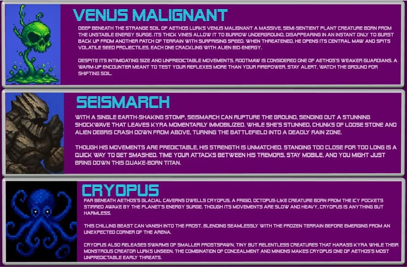 Deep within the planet waits zyrak a colossal sentient war construct forged by the superior Nyzari race. Sent to Aethos long before Kyra’s arrival, Zyrak’s purpose is to judge the planet’s potential for harvesting and to eliminate anything that jeopardizes the Nyzari claim. Upon detecting Kyra, he planted unstable energy cores across Aethos to disable Elysium and force her retreat, ensuring humanity never gains a foothold.
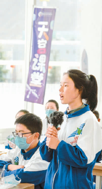 3月23日,位于“天宫课堂”西藏拉萨地面分课堂的学生向航天员老师提问。新华社记者 晋美多吉摄
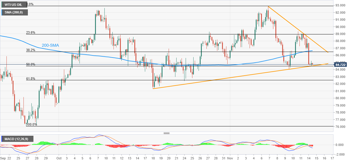 油价试探了84.50美元的支撑汇合处,包括一个月前的上升趋势缐和该商品9-11月期间波段的50%斐波回档位。
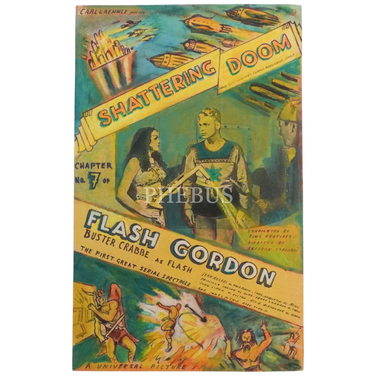 1936 yılında sahneye konulan "FLASH GORDON - SHATTERING DOOM" filmi için guaj boya ve kolaj tekniğiyle hazırlanmış orijinal el çizimi afiş, 27x45 cm...
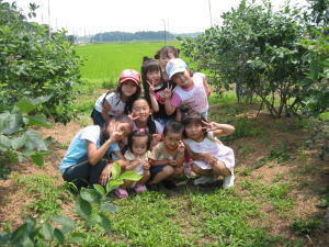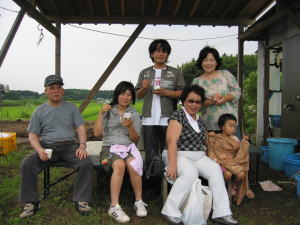 | 06・6・24(土)に来られた皆さんです。梅雨の合間の晴れでしたが、暑いながらも農園を吹き抜ける風がここちよい一日でした。 |
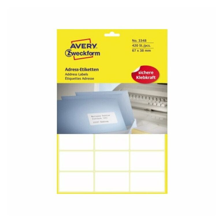420 AVERY Zweckform Adressetiketten 3348 weiß 67,0 x 38,0 mm
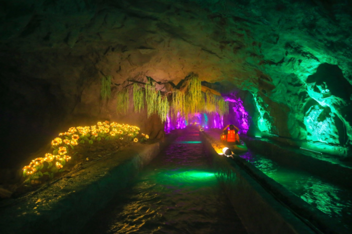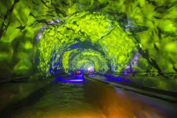 第二部分为平漂部分,游客沿天然河道顺流而下,河道全长6.8公里,中途还有一条1800米长的平漂隧洞,缤纷多彩的镭射灯打造了荷塘月色的美景,火树银花,霓虹璀璨。又似梦境仙踪,仿佛漫游在奇幻的海底世界。随着水流蜿蜒,橡皮艇行进在幽深的山洞中,水流时而宁静,时而湍急,人们时而陡然陷入漩涡中,时而又冲进浪头里。
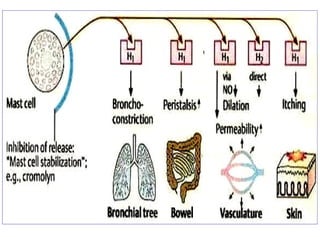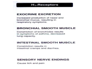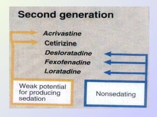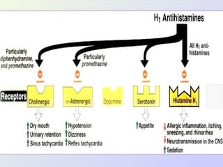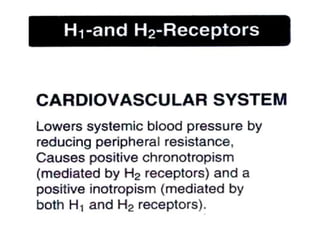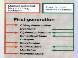 The document discusses autacoids and focuses on histamine and antihistamines. It notes that histamine is derived from the amino acid histidine and is found in tissues like lungs, skin, and the gastrointestinal tract. Histamine causes inflammatory and allergic reactions by binding to H1 and H2 receptors. Antihistamines work by blocking these histamine receptors. First generation antihistamines often have anticholinergic effects and sedation as side effects, while second generation antihistamines generally do not. Antihistamines are used to treat allergic disorders, motion sickness, nausea/vomiting, and anaphylaxis. Their side effects include dry mouth, urinary retention, sedation
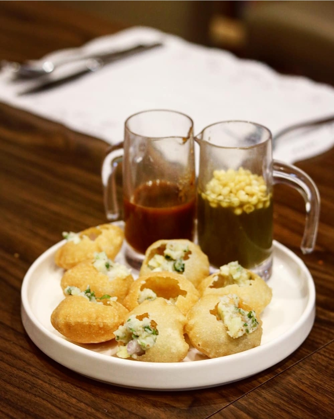 Their new chaat menu at the counter instantly caught my eye, and I knew I had to begin my dinner with this before I dove into the BBQ. Our first choice was the classic pani puri that featured a lovely mashed potato stuffing and the usuals of sweet chutney and spicy water on the side. Pani puri alone is no fun, so our server suggested we take up the chaat quotient by adding some papdi chaat to our table. A mish mash of papdi with potatoes, yogurt, sev, chutney and LOTS of different spices, this was a explosion of flavors. I would have liked it slightly spicier though.
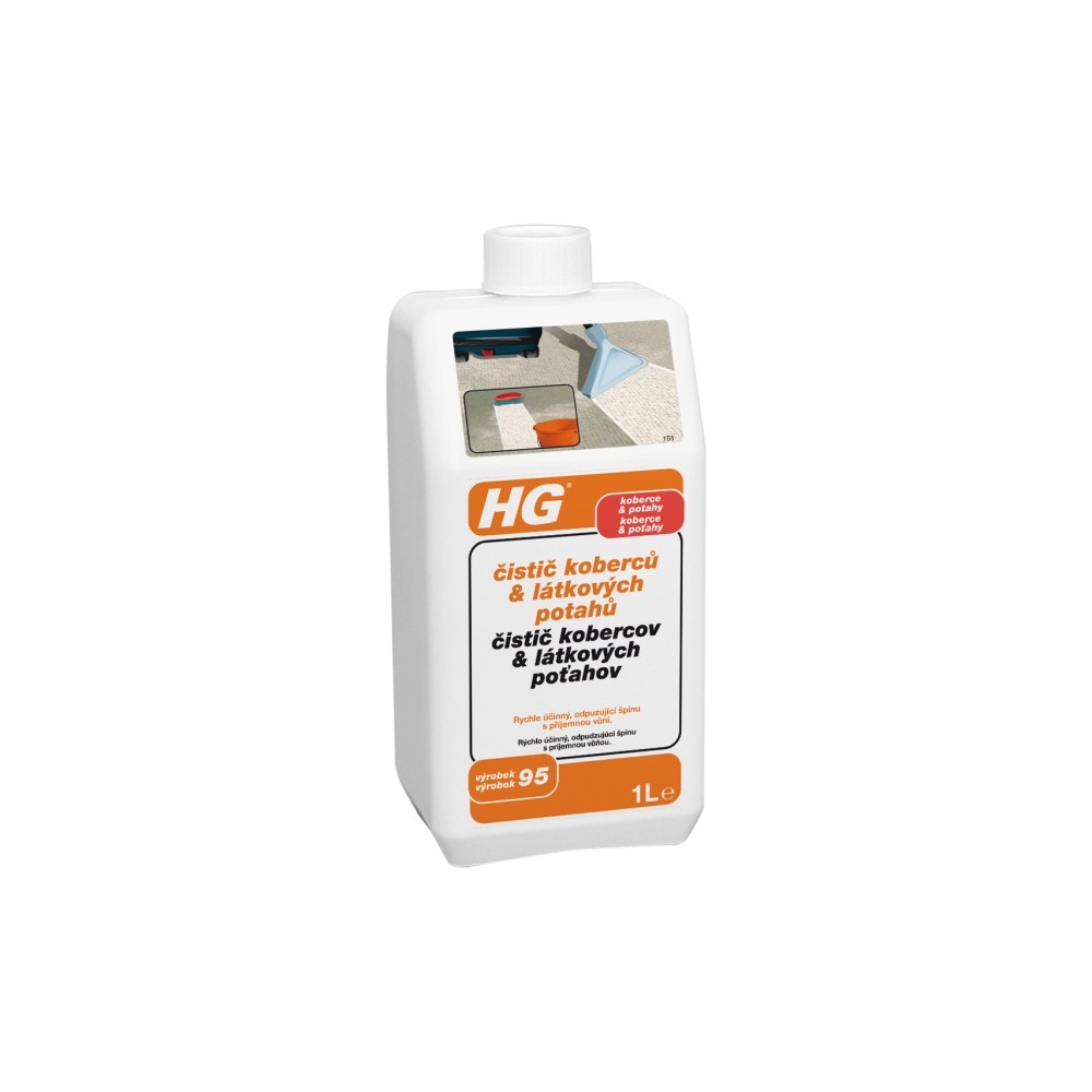Chodením sa poškodzujú vlákna syntetických kobercov a podlahových kobercov a tým sa rýchlejšie znecištujú. Pomocou HG čistič kobercov a látkových poťahov (HG výrobok 95) sa odstráni necistota a drsný povrch vlákien sa opraví vrstvou odolnou voči špine. Ani pri vlnených kobercoch sa trvalo nedá zabrániť týmto poškodeniam. Pomaly, ale iste zmizne prírodný lanolín. HG čistič kobercov a látkových poťahov (HG výrobok 95) poskytuje vášmu vzácnemu (podlahovému) kobercu novú ochranu vďaka vrstve odolnej voči špine. Najskôr ošetrite škvrny prostriedkom HG cistic škvŕn v spreji. Potom špeciálnym strojom nastriekajte HG čistič kobercov a látkových poťahov (HG výrobok 95) a rovno vysajte alebo vykefujte. Vysušte froté uterákom. 1 liter stačí na plochu 30 m2.

────────────────────────────────────────

# Work item
Leaving out the pictures, print each line of the records above from the first up to and including the one that contains "420 AVERY Zweckform", exactly as written.

# Answer to this task
 Deep within the planet waits zyrak a colossal sentient war construct forged by the superior Nyzari race. Sent to Aethos long before Kyra’s arrival, Zyrak’s purpose is to judge the planet’s potential for harvesting and to eliminate anything that jeopardizes the Nyzari claim. Upon detecting Kyra, he planted unstable energy cores across Aethos to disable Elysium and force her retreat, ensuring humanity never gains a foothold.
 3月23日,位于“天宫课堂”西藏拉萨地面分课堂的学生向航天员老师提问。新华社记者 晋美多吉摄
 油价试探了84.50美元的支撑汇合处,包括一个月前的上升趋势缐和该商品9-11月期间波段的50%斐波回档位。
 1936 yılında sahneye konulan "FLASH GORDON - SHATTERING DOOM" filmi için guaj boya ve kolaj tekniğiyle hazırlanmış orijinal el çizimi afiş, 27x45 cm...
 | 06・6・24(土)に来られた皆さんです。梅雨の合間の晴れでしたが、暑いながらも農園を吹き抜ける風がここちよい一日でした。 |
420 AVERY Zweckform Adressetiketten 3348 weiß 67,0 x 38,0 mm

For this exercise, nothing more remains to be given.